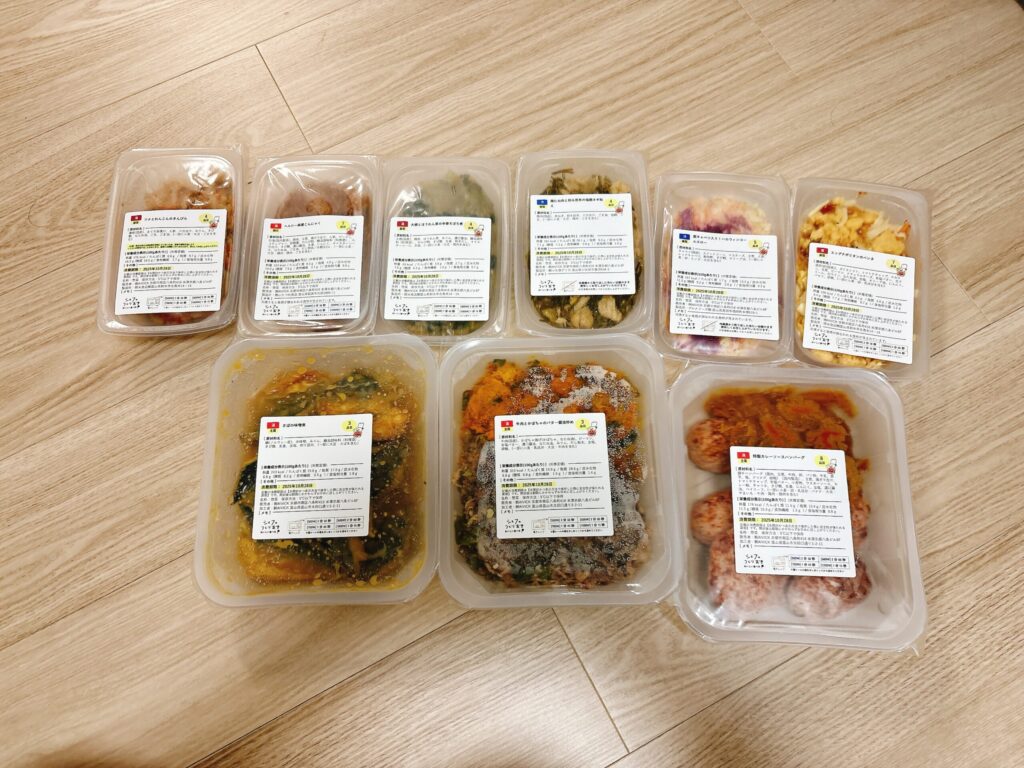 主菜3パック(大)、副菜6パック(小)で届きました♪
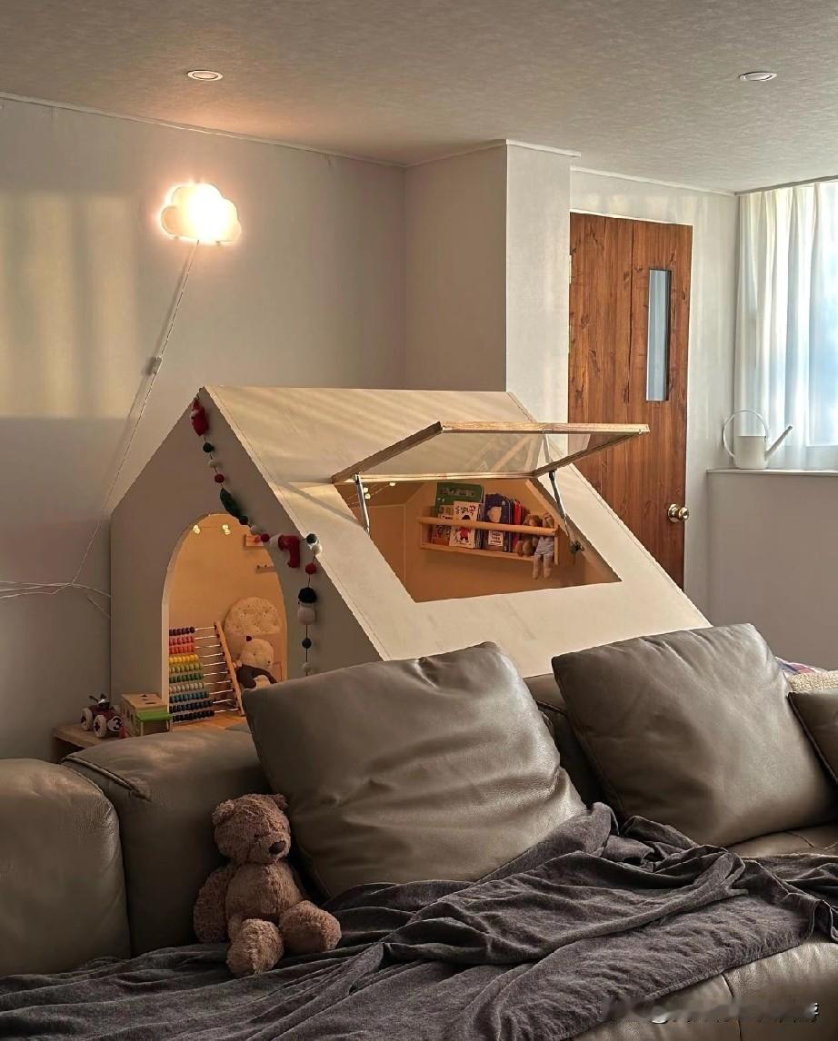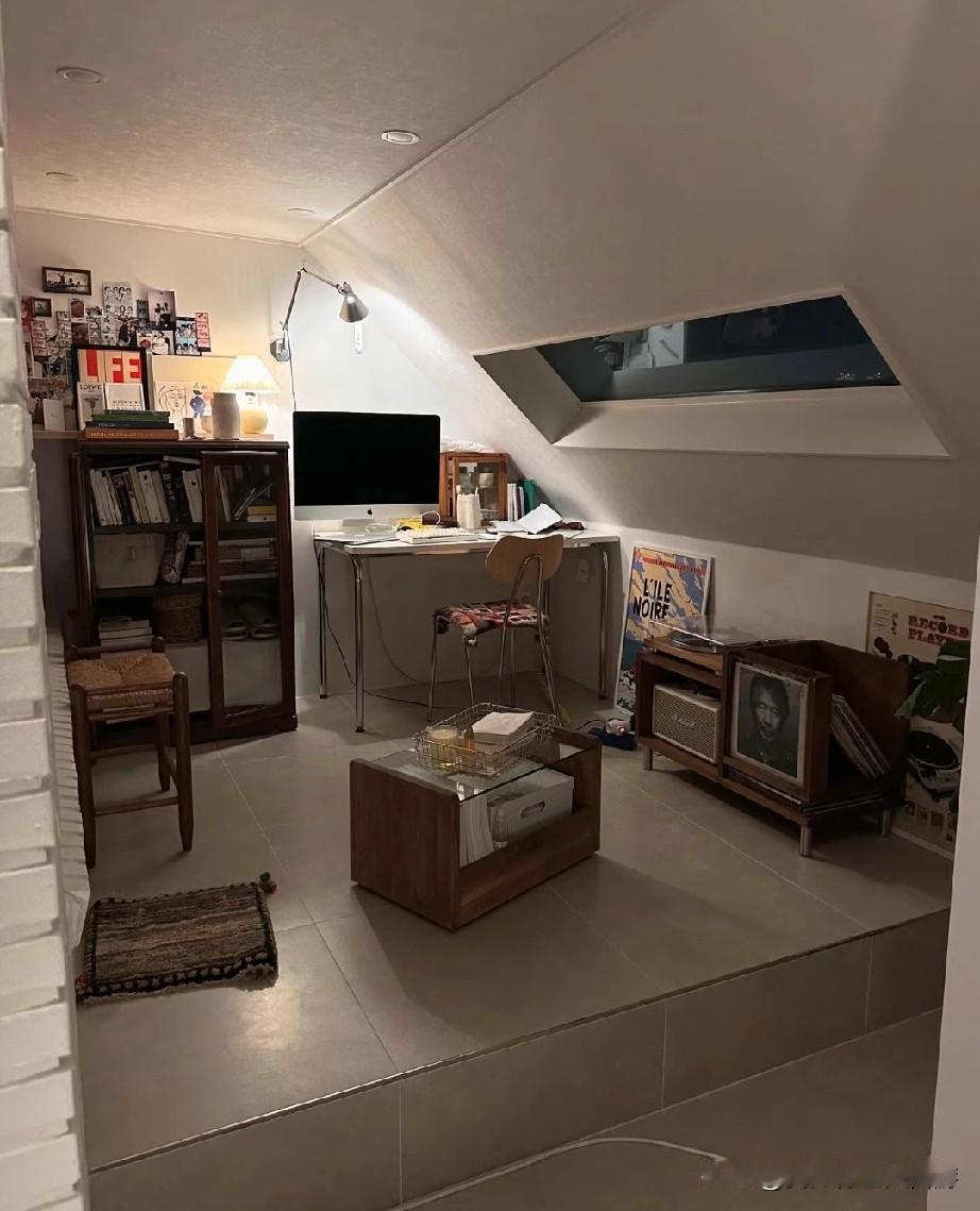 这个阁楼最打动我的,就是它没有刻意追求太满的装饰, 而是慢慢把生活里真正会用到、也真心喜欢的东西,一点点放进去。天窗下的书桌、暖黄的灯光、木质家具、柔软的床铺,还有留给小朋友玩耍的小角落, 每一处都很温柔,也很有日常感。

_ _ _

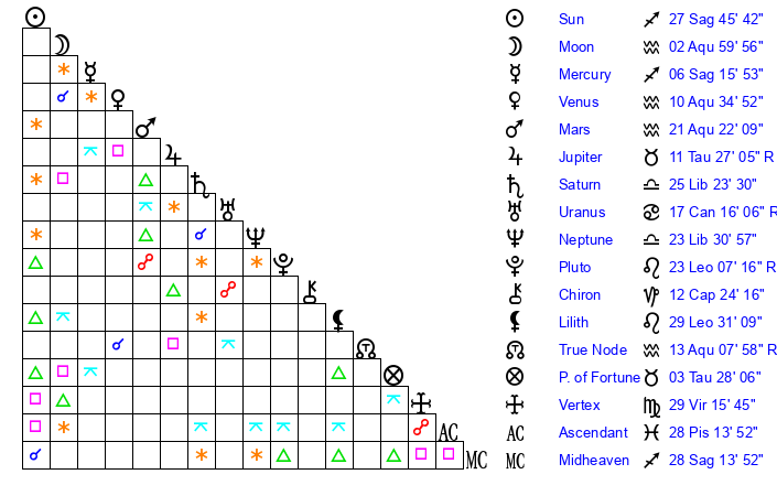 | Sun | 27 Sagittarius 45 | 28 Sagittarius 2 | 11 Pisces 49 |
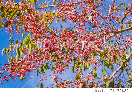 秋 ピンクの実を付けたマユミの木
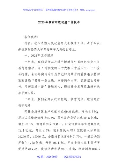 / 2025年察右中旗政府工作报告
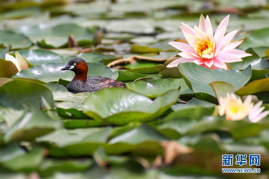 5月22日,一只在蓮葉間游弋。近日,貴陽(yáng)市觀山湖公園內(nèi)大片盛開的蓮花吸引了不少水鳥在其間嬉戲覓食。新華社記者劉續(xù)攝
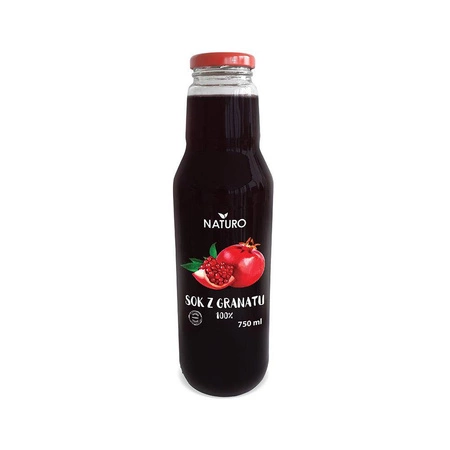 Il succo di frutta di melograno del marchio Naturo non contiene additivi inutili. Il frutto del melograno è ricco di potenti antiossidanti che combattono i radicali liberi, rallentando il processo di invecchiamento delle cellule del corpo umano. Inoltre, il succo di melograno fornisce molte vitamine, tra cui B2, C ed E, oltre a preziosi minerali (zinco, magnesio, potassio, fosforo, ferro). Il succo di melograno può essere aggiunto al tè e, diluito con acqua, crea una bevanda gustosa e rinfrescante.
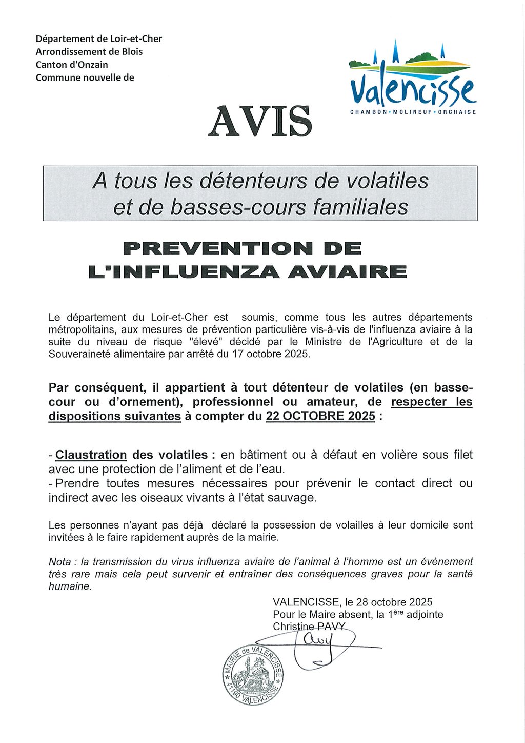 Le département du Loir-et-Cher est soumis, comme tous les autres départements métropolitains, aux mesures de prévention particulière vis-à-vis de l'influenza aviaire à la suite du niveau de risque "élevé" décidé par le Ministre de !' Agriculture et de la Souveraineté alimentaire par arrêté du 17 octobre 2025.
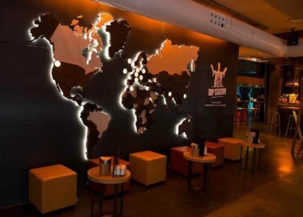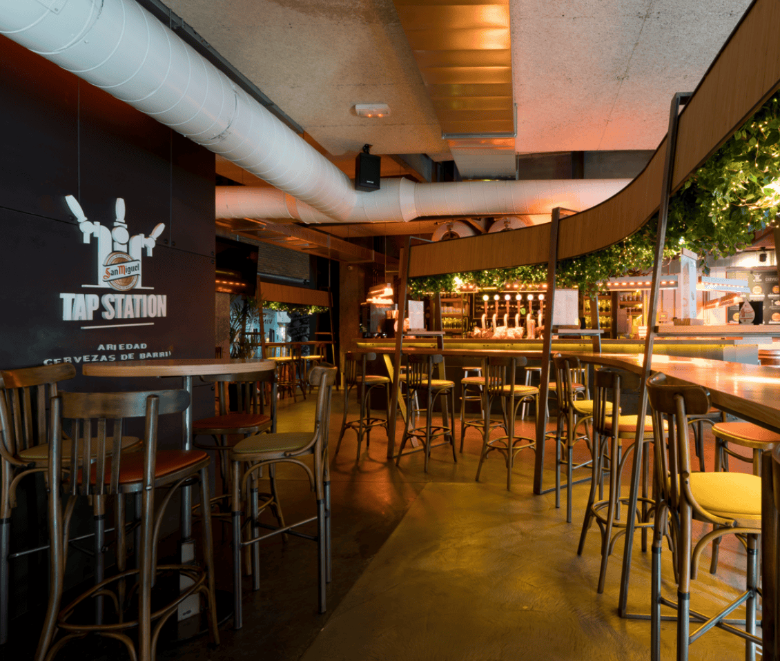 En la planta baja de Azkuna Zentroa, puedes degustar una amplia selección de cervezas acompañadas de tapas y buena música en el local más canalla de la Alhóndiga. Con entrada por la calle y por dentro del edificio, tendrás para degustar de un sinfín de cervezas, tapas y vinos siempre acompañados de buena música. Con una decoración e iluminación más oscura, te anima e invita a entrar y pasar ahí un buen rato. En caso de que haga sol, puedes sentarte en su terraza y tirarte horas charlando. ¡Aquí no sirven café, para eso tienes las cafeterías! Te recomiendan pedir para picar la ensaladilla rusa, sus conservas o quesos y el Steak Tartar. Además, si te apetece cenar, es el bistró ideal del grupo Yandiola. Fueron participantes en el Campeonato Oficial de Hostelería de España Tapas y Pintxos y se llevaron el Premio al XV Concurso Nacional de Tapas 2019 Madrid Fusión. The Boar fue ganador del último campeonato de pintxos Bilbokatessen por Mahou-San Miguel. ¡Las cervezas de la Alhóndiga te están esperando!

_ _ _

Extract from the material above the stretch running from the line containing "Pisces 49 |" through the line containing "Il succo di frutta". Keep the text exact and the pictures out.

 | Sun | 27 Sagittarius 45 | 28 Sagittarius 2 | 11 Pisces 49 |
 秋 ピンクの実を付けたマユミの木
 / 2025年察右中旗政府工作报告
 5月22日,一只在蓮葉間游弋。近日,貴陽(yáng)市觀山湖公園內(nèi)大片盛開的蓮花吸引了不少水鳥在其間嬉戲覓食。新華社記者劉續(xù)攝
 Il succo di frutta di melograno del marchio Naturo non contiene additivi inutili. Il frutto del melograno è ricco di potenti antiossidanti che combattono i radicali liberi, rallentando il processo di invecchiamento delle cellule del corpo umano. Inoltre, il succo di melograno fornisce molte vitamine, tra cui B2, C ed E, oltre a preziosi minerali (zinco, magnesio, potassio, fosforo, ferro). Il succo di melograno può essere aggiunto al tè e, diluito con acqua, crea una bevanda gustosa e rinfrescante.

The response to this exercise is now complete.